Directions: Take the lines from the head of the listing through the one bearing "上穿3线条件:=当日站上3线 AND 前一日在3线下;" and copy them exactly, leaving every picture out.

Recorded data:
####
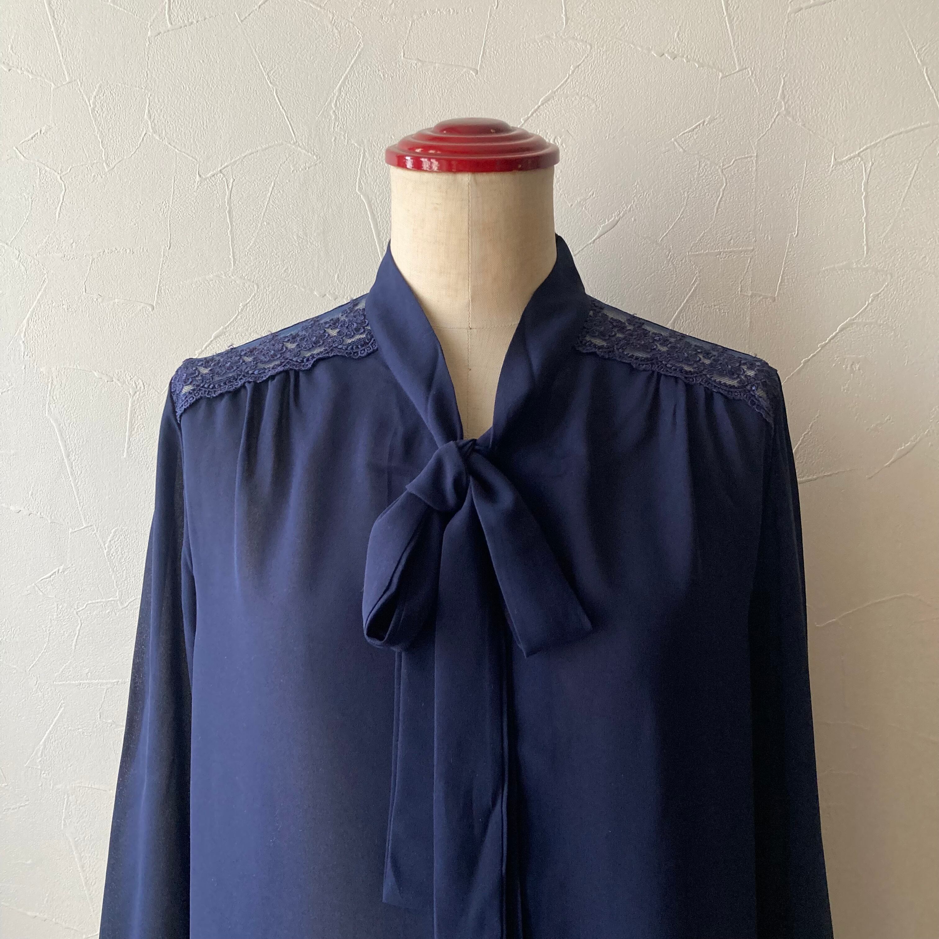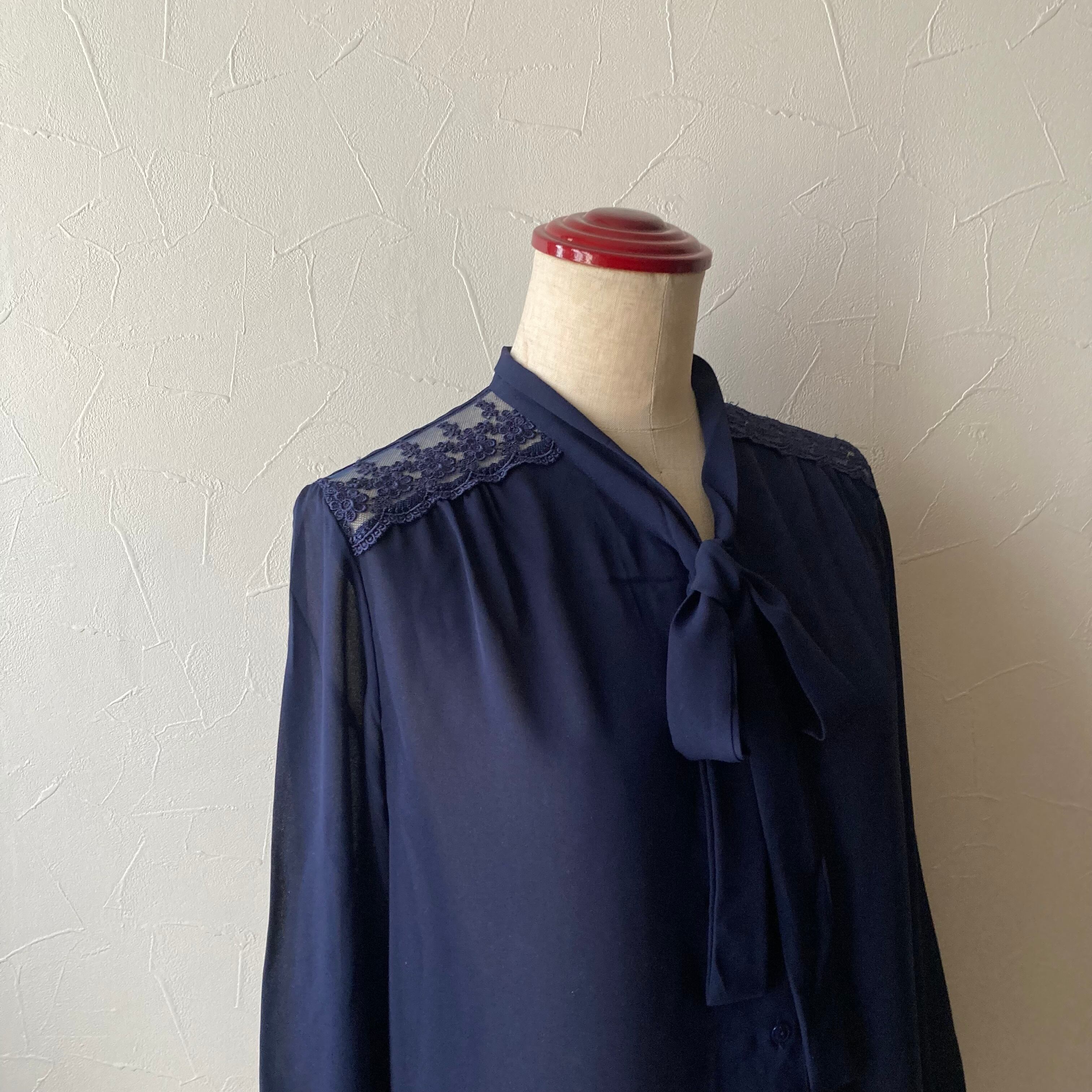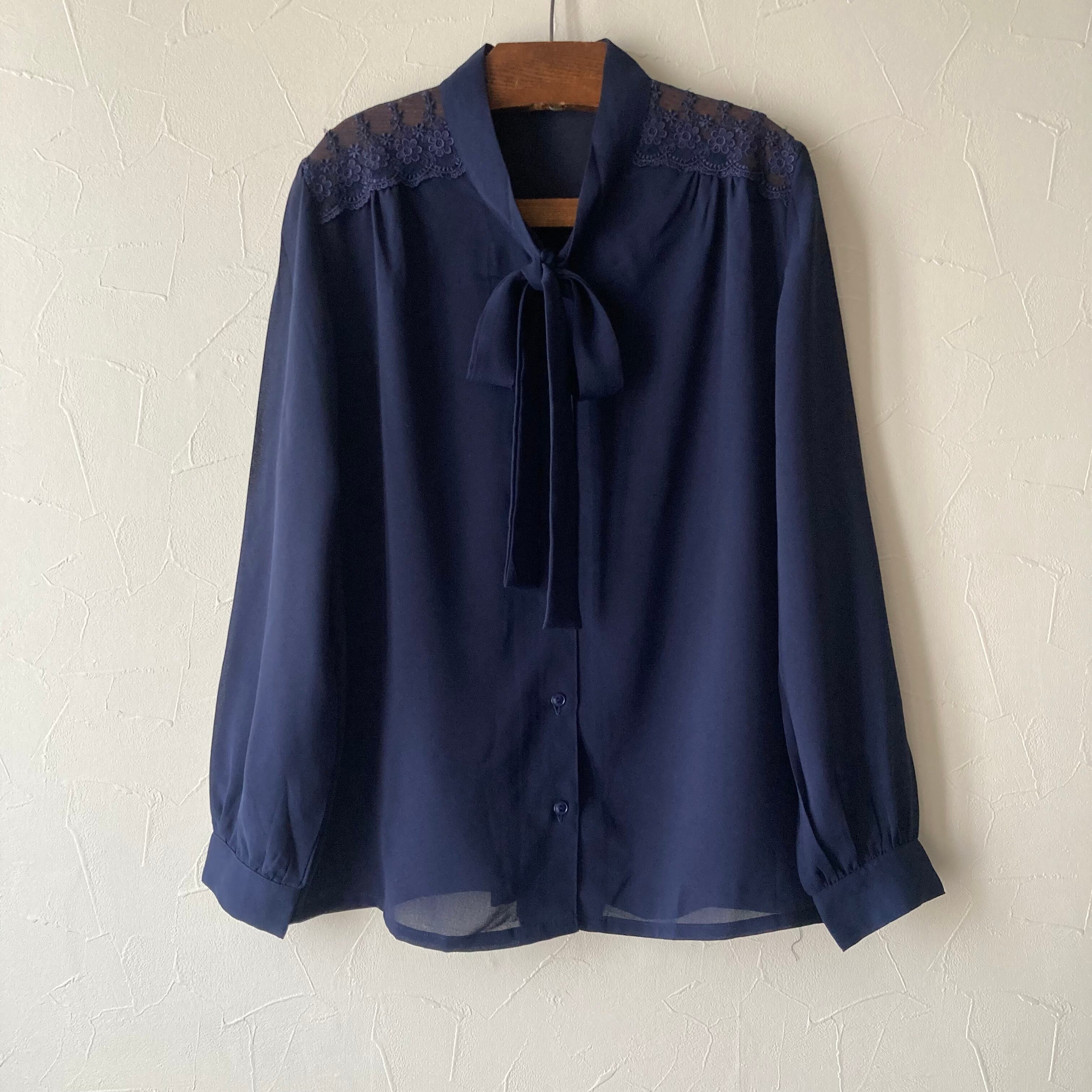 ネイビー肩レースリボンブラウス 古着 used vintage レトロ
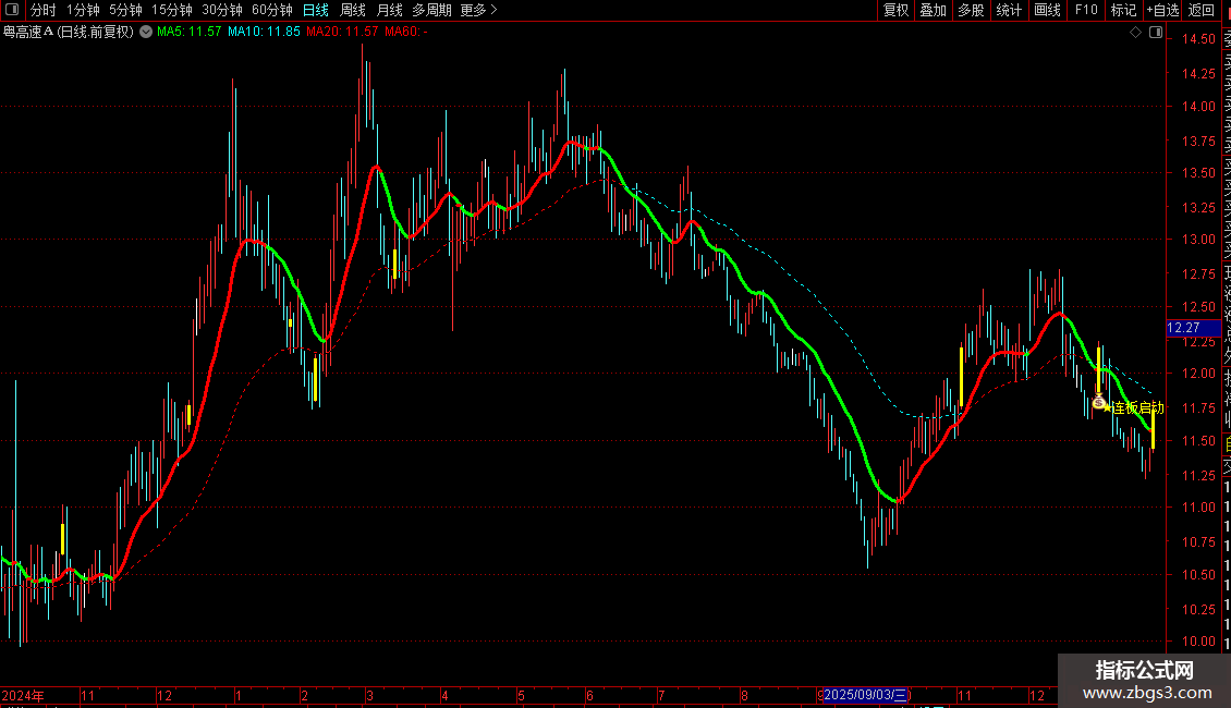 上穿3线条件:=当日站上3线 AND 前一日在3线下;
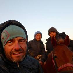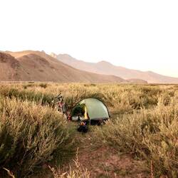 Gerade habe ich einen Platz in den Büschen für mein Zelt gefunden. Es ist extrem windig. Das Klima auf der anderen Seite vom Taldyk Pass ist ein anderes. Ich bleibe aber nicht lange unentdeckt. Zwei Youngsters kommen mit ihren Pferden und sind ein bisschen neugierig. Beim ersten Mal ein bisschen schüchtern. Nach etwa einer halben Stunde kommen sie wieder, dann wollen sie Selfies machen und mit meinem Fahrrad fahren. Das geht natürlich nicht, ich hätte im Gegenzug einmal auf einem ihrer Pferde reiten dürfen.
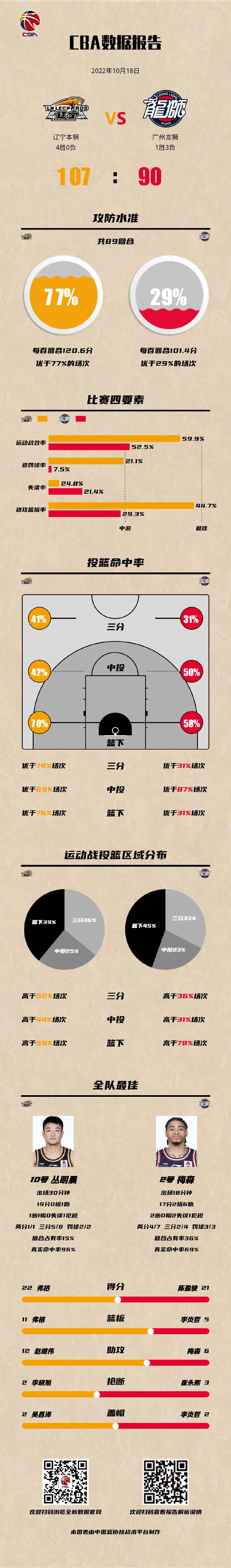 虽然辽宁男篮主力球员郭艾伦因违反赛区规定停赛6场,本场比赛无缘出战,但他们的整体实力依然要比广州龙狮强,最终以107比90战胜广州龙狮,豪取开赛四连胜。
####
Your solution:
 ネイビー肩レースリボンブラウス 古着 used vintage レトロ
 上穿3线条件:=当日站上3线 AND 前一日在3线下;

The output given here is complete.